Of course, there’s no acknowledgement that the GOP might have bad policies, and might also be doing a bad job conveying them to the general public, but that’s neither here nor there. Let’s focus on this statement: “The thing we can’t do is start talking about crazy stuff… We run people off… A collective number of these people are tired of doing that.”

Without objection, the full RNC approved a resolution by voice vote Friday calling on Congress to defund Planned Parenthood and redistribute the money intended for cancer screening and preventive services to organizations that do not perform abortions.

So it’s OK if you DO crazy stuff, you just can’t talk about it. Gotcha.

Behind closed doors, party bigwigs discussed “strategic partnerships” with blacks, Asians, Hispanics and women. There was talk about developing a “comfort factor” so that minorities feel they are part of the process.

Perhaps if the Republican party didn’t have a platform that was designed to keep all of those groups from attaining the same level of social and economic equality as white men, they might be a little more comfortable in engaging in the process, as it were.

[Curly Hagland – national Committeeman from North Dakota, is] confident that Obama will overreach now that he’s secured reelection – and that this will drive voters to Republicans in the 2014 midterms.

“This administration is a socialist administration. There’s no question about it,” Haugland said. “America’s not a socialist country.”

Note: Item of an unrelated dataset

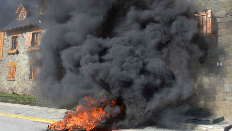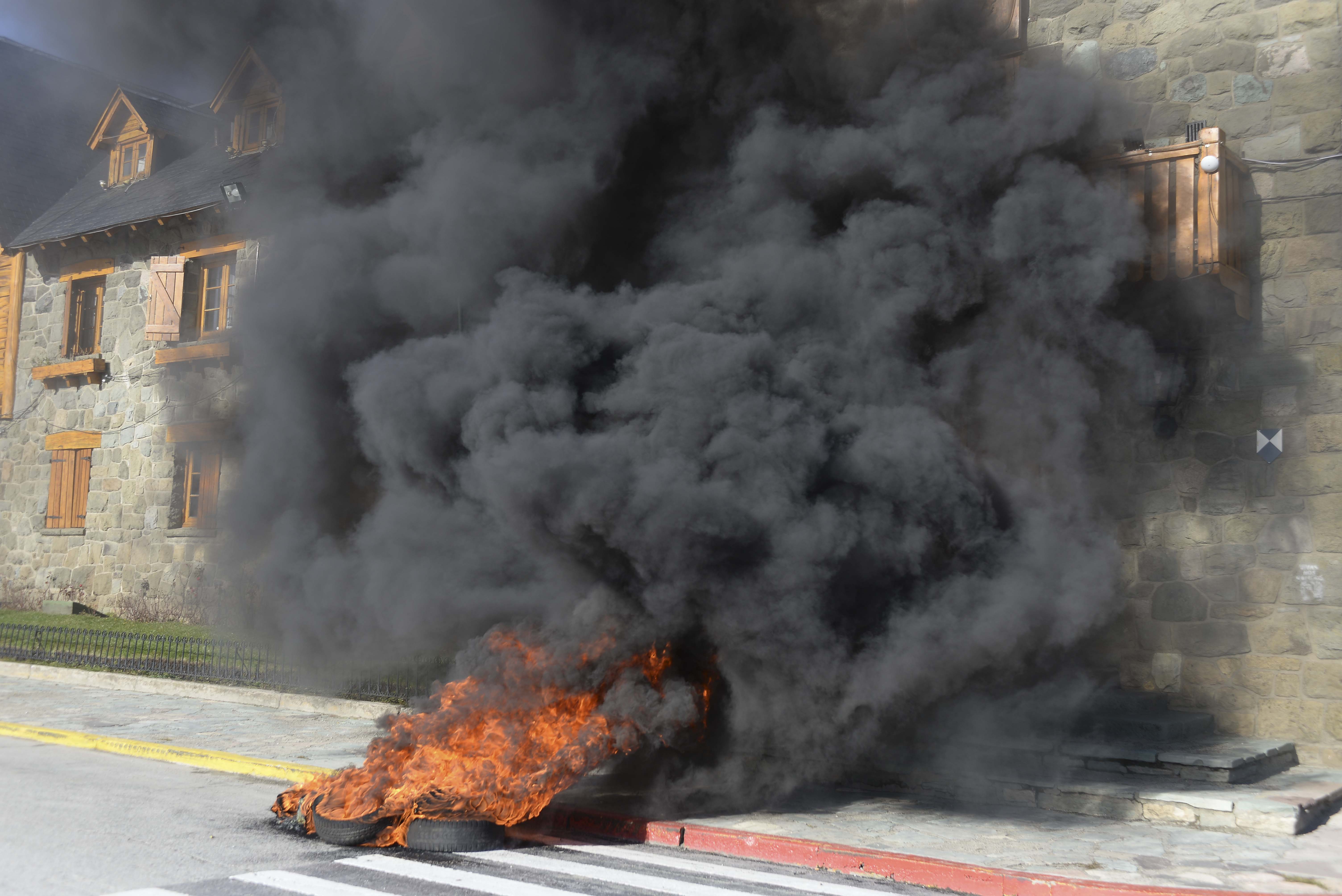 «¡Choferes presentes, la UTA ausente!», gritaron los choferes de la empresa Mi Bus mientras marchaban por la calle Onelli esta mañana en reclamo por el pago desdoblado de salarios. La movilización culminó en el Centro Cívico con la quema de neumáticos a muy pocos metros del ingreso al municipio.

I threw that in there just so I could quote a guy named “Curly Hagland.” Also, if anyone is in, near, or passing through North Dakota, please feel free to track down Mr. Hagland and beat him with a high school Social Studies textbook until he learns what exactly “socialism” is.

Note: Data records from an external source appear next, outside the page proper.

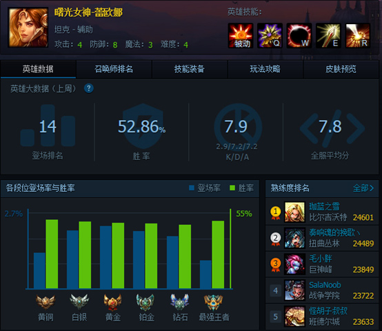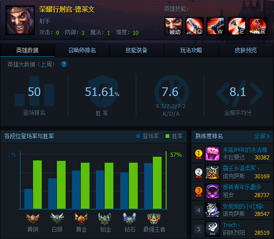 德莱文的英雄熟练度最高同样达到了3W以上,这说明这名英雄是非常值得练习——并且能够很大的训练潜力的英雄。而日女的操作则相对比较简单,同样也因为作为一名纯坦克型的辅助,其全服平均分并没有太高。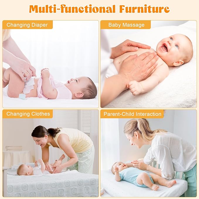 - Durable & Baby-Safe Design – Constructed from scratch-resistant, water-resistant MDF board for long-lasting use and effortless cleaning. The reinforced, elevated legs protect against moisture, while the soft-rounded edges minimize injury risks. Includes a sturdy anti-tip kit for added stability and peace of mind.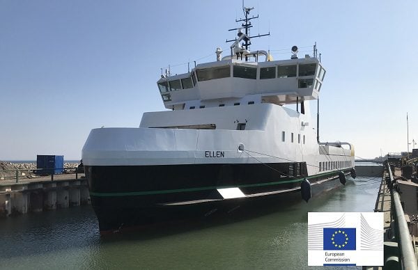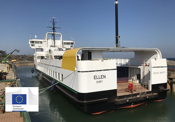 Ešte v roku 2017 začala výstavba takéhoto elektrického trajektu v Dánsku, kde mal nahradiť pôvodný naftový trajekt premávajúci na linke Søby-Fynshav. Naftový trajekt MF Skjoldnæs nešiel do zaslúženého dôchodku ale svoju prácu vykonáva ďalej, len na inej trase. Trup pre nový elektrický trajekt bol dodaný z Poľska a o pohon sa postarala fínska spoločnosť Viseda. 4,3 MWh lítium-iónovú batériu dodala švajčiarska firma Leclanché. Tento elektrický trajekt nesúci názov Ellen dokáže preplávať asi 41 kilometrov a maximálnu rýchlosť dosahuje 15,5 uzlov, čo je v prepočte približne 29 km/h. Celkové rozmery trajektu Ellen sú 59,5 metrov na dĺžku, 12,8 na šírku a ponor sa rovná 2,5 metrom. Tieto rozmery umožňujú v útrobách prepraviť približne 30 vozidiel a až 200 pasažierov. Vďaka týmto parametrom sa jedná o najväčší trajekt s elektrickým pohonom na svete.

Ari Fleischer, former White House press secretary, noted that some Republican governors have won much higher percentages of minority groups than national candidates. Tone makes a difference, he said.

“It is a tale of two parties,” he said. “There’s a lot of success out there built around people who fundamentally have the same world view as the federal candidates.”

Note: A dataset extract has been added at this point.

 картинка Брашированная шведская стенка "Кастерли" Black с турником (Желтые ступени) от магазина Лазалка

In fact, some border-state governors hold dramatically different views on the best approach to immigration than Romney and congressional leaders. And Romney’s view was much more hard-line than George W. Bush’s in 2004.

It’s almost as if Latinos responded electorally to being treated with a modicum of respect.

Separately, the chairman told the conservative publication Human Events: “Look, we had the most conservative platform ever last year. There is nothing [the review committee] will do to change that.”

So you had the most conservative platform ever, and voters across the country basically gave you a giant double bird. But it’s not the platform that’s the problem! You just did a bad job selling it.

Every day I wake up terrified that today will be the day the GOP finally figures out that the American people rejected their candidates and their platform en masse in 2012, and they did it because the GOP’s candidates and platform were a giant steaming pile of dog shit. That that day will be the day when they finally figure out that poll after poll after poll shows the American people agree with the vast majority of what President Obama said in his “far left-wing” inaugural address, and that there are conservative cases to be made for the vast majority of those policies.

And then, after I have my coffee, I read an article like this and exhale a deep sigh of relief, knowing that today will not be the day the GOP figures out that a turd in fancy wrapping paper is, in fact, still a turd.